—¿Y el rebaño es grande?

—Hogaño es más chico.

—¿Dónde le tienes?

—Vélo va.

Y el pastor señalaba en el paisaje, raso, un punto quimérico para Florinda.

—Yo no distingo más que cielo y tierra—murmuró la moza, entornando los ojos y haciéndose una pantalla con la mano.

—Vélo... vélo ende—insistía Rosicler, lanzado a su dialecto por la propia fuerza y concisión de las palabras regionales—. Y con el brazo tendido hacia el lugar solano del horizonte, trazaba un ademán amplio y seguro, cobijador, que parecía descubrir a cada res, guardarla y bendecirla.

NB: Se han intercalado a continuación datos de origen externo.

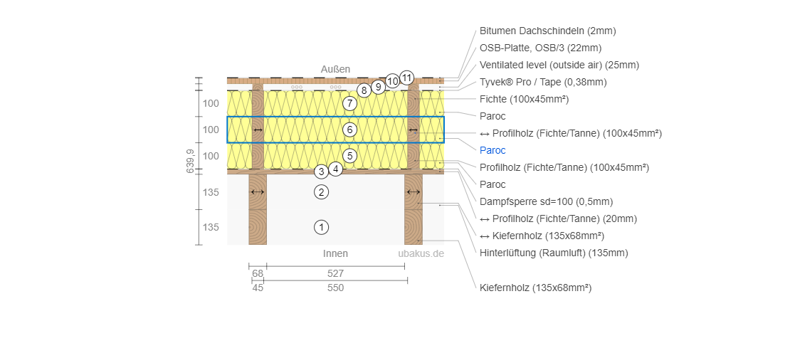 Erhalten Sie ein Dach, das Beständigkeit verspricht! Unsere verstärkte Dachkonstruktion setzt auf robuste Giebel und Dachsparren (45 mm x 135 mm oder 45 mm x 270 mm), um eine dauerhafte Stabilität zu gewährleisten und Ihr Dach vor möglichen Verformungen zu schützen.

—Pues ¡ni por esas!—lamentóse la muchacha, esforzándose para encontrar la pista del rebaño—. ¡Ahora!—exclamó de pronto—. ¡Ya, ya caigo!... Justamente; ellas son: unas vedijas blancas que van y vienen por allí... ¡Si en este mar de tierra parecen tus ovejas las espumas!... ¡Las crenchas de las olas, ni más ni menos!... Y para mayor embuste, entre el oleaje asoma un barco de vela. Mira, Rosicler.

—¡Si es mi cama!—replicó el zagal, soltando la risa.

—¿Cómo tu cama?... Pero, ¿tú duermes en un globo, ahí en mitad de la llanura?